Bauernkrieg ohne Bauern? Zur Performanz gedruckter Worte und Bilder
Öffentlicher Abendvortrag von Professor Dr. Dr. h. c. Dr. h. c. Thomas Kaufmann (Georg-August-Universität Göttingen)
Der „Bauernkrieg“ gilt als ein zentrales Ereignis der deutschen Geschichte. Angesichts vieler vergessener Kriege und der im Vergleich mit den Verhältnissen des 19. und 20. Jahrhunderts recht gering scheinenden Zahl seiner Opfer, ca. 100.000 Bauern, ist das Interesse an diesem Krieg nicht ohne weiteres verständlich. Es gründet in der kontroversen Deutung, die ihm vor allem infolge von Friedrich Engels Studie „Der deutsche Bauernkrieg“ (1. Aufl. 1850; 2. Aufl. 1870) zuteilgeworden ist. Engels interpretierte den Bauernkrieg als Revolution, bei der Bauern und städtische Unterschichten kooperierten und die feudale Ordnung fundamental attackierten. Als Führer der Bauern galt ihm der Theologe Müntzer. Luther repräsentierte hingegen ein frühes Bürgertum, das sich mit dem Adel gegen die Bauern verbündet habe.
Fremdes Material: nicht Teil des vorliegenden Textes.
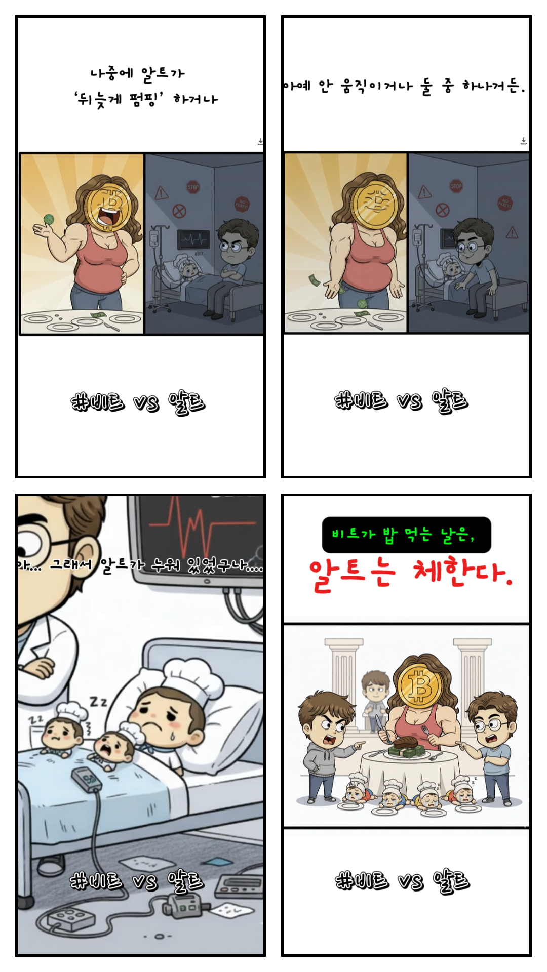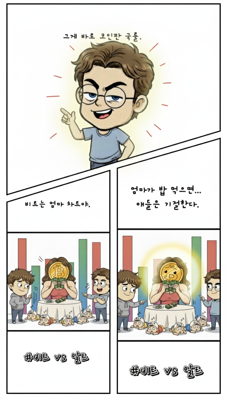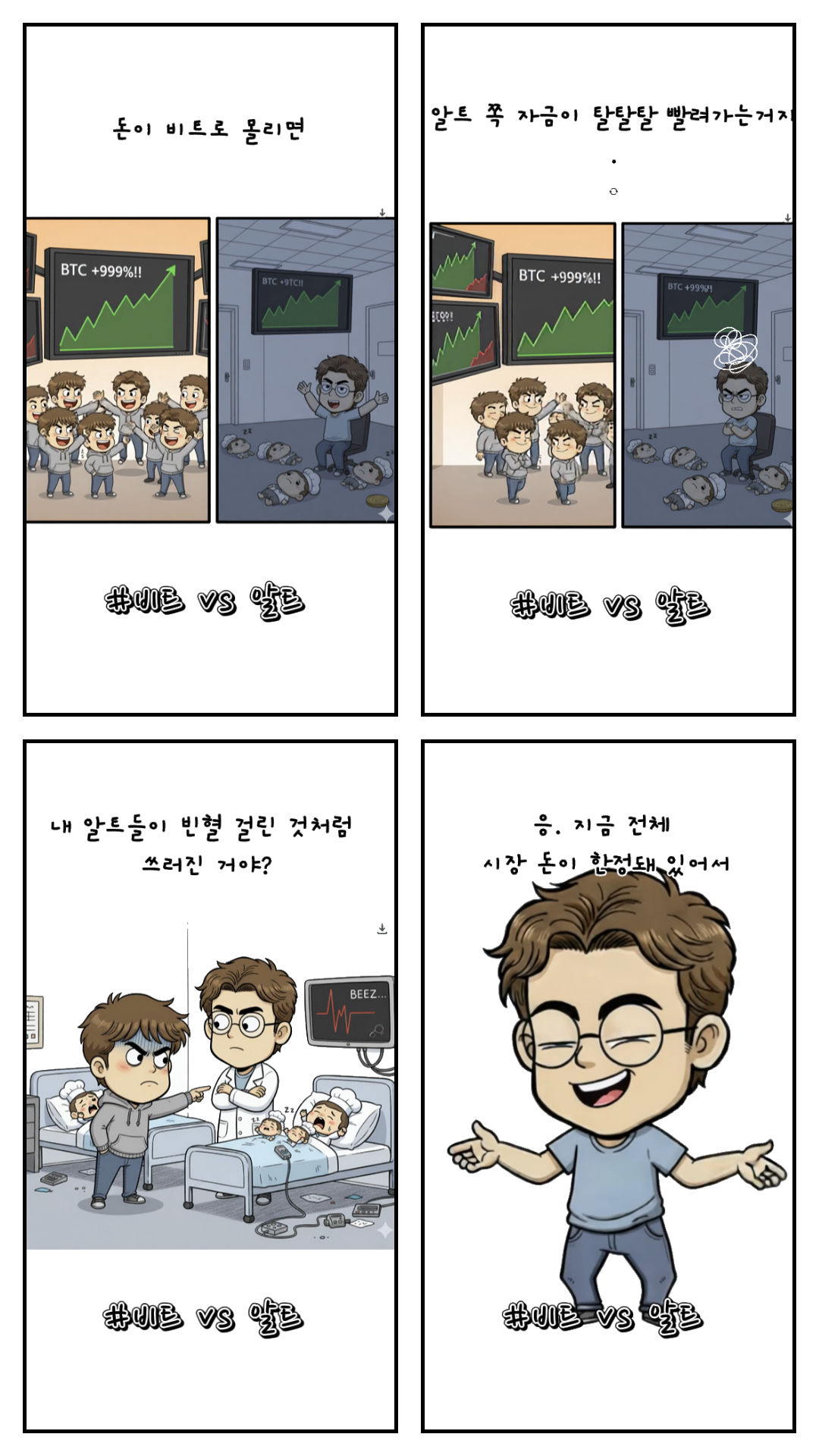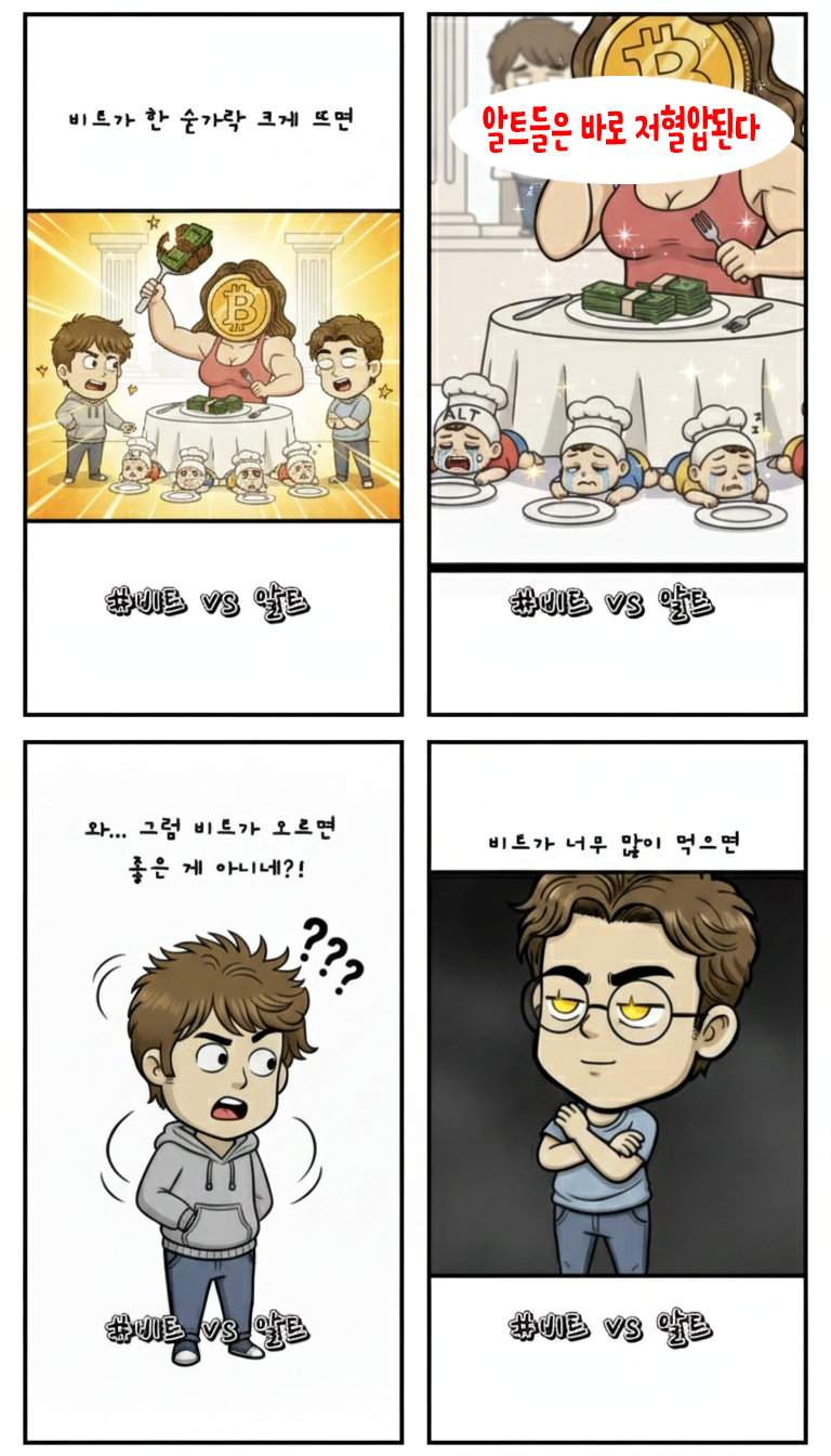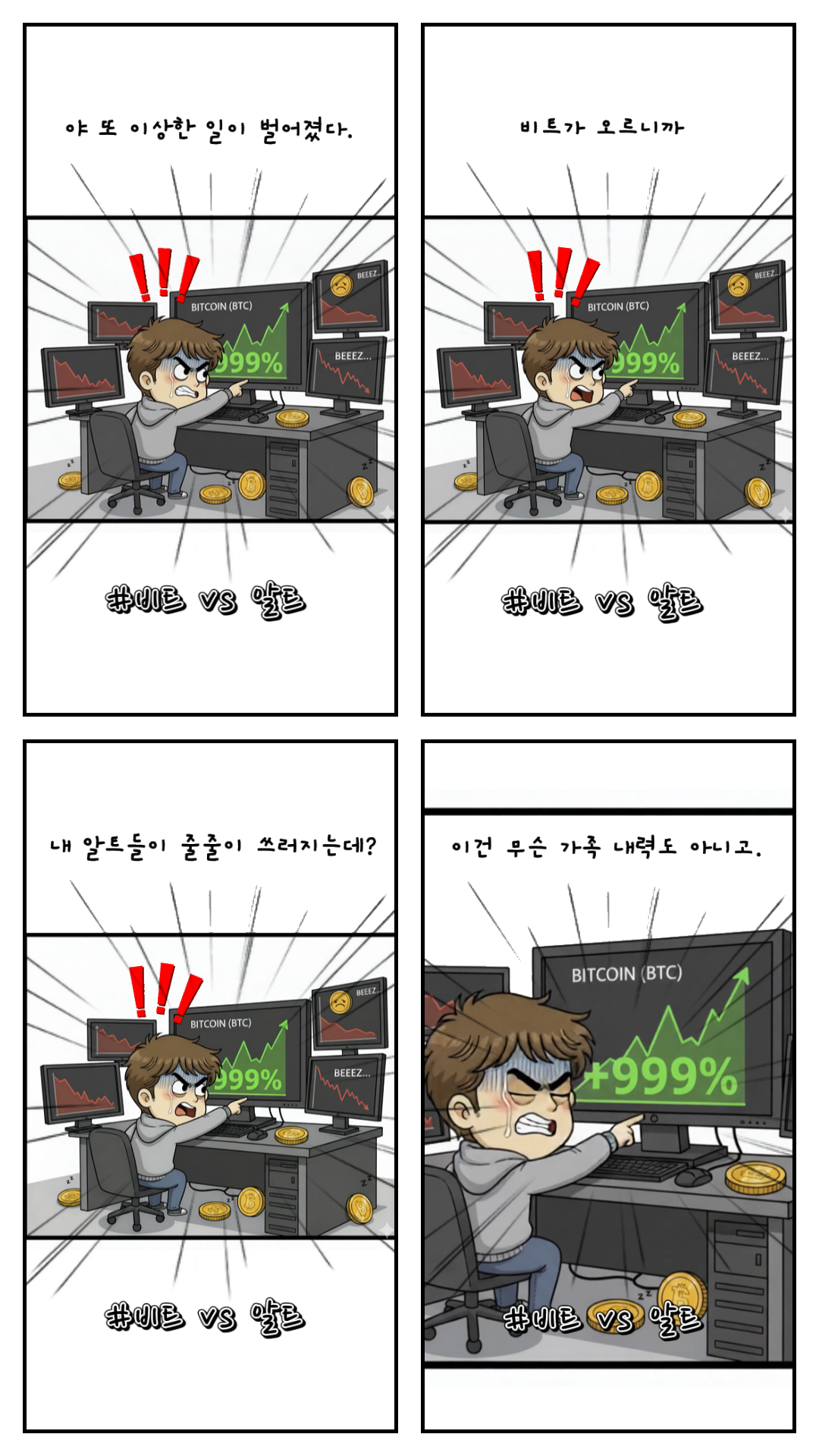 🌕 비트코인이 오르면 알트가 기절하는 이유 (친절한 기초 설명)1️⃣ 시장의 돈은 ‘한정적’이다코인 시장 전체를 하나의 큰 통돼지 저금통이라고 생각하면 돼.여기 안에 들어있는 돈의 양은 제한적이야.어떤 날은 돈이 많고어떤 날은 돈이 적고하지만 갑자기 엄청난 새 돈이 들어오는 경우는 거의 없음.2️⃣ 투자자들은 가장 안전하다고 느끼는 곳으로 돈을 몰아준다코인 시장에서 ‘엄마 같은 존재’는 바로 비트코인(BTC).제일 오래됨제일 큰 코인제일 안정적큰 손(기관·고래)들도 BTC부터 사기 시작함그래서 시장이 움직일 때 가장 먼저 돈이 몰리는 곳 → 비트코인3️⃣ 비트가 오르면 투자자들이 알트에서 돈을 빼서 비트로 이동한다비트코인이 막 상승할 조짐을 보이면 사람들은 이렇게 생각함:“지금은 비트 흐름이 더 좋다! 알트는 나중에 해도 되지.”그래서 알트코인에 넣어둔 돈을 빼서 비트코인으로 옮긴다.결과적으로…🔺 비트코인 → 돈이 몰리니 가격 폭등🔻 알트코인 → 돈이 빠져나가니 가격 하락 또는 잠잠이걸 ‘알트가 기절한다’고 표현한 거야.4️⃣ 비트 상승장은 보통 ‘알트 휴식기’와 함께 온다비트코인 주도장에서는:비트만 오르고알트는 거의 움직이지 않거나 떨어짐차트가 “죽은 듯이 가만히 있음”이유는 단 하나,돈이 전부 비트로 몰려버려서 알트는 에너지가 없기 때문.5️⃣ 그럼 알트는 언제 살아나?비트가 어느 정도 오르고 나면 사람들이 이렇게 말함:“비트는 너무 비싸졌네…이제 싼 알트에서 기회 찾을까?”그러면 비트 → 알트로 자금이 다시 이동이때 알트들이 한꺼번에 ‘뒤늦게 펌핑’ 하는 것처럼 보임.이걸 알트 시즌(Alt Season) 이라고 부름.

Dieses Narrativ und seine Bestreitung dominierten auch noch die Deutungen, die zwischen den Historikern der beiden deutschen Staaten zwischen 1949 und 1989 kontrovers waren. Insofern ist die Deutung des Bauernkriegs Teil einer gespaltenen deutsch-deutschen Erinnerungskultur.
Thomas Kaufmann studierte evangelische Theologie in Münster, Tübingen und Göttingen. Seit 2000 hat er den Lehrstuhl für Kirchengeschichte an der Georg-August-Universität Göttingen übernommen und ist seit 2016 Abt von Bursfelde. 2020 wurde ihm der Gottfried Wilhelm Leibniz-Preis der DFG verliehen. Seine Forschungsinteressen umfassen Kirchen-, Theologie- und Christentumsgeschichte in Reformation und Früher Neuzeit.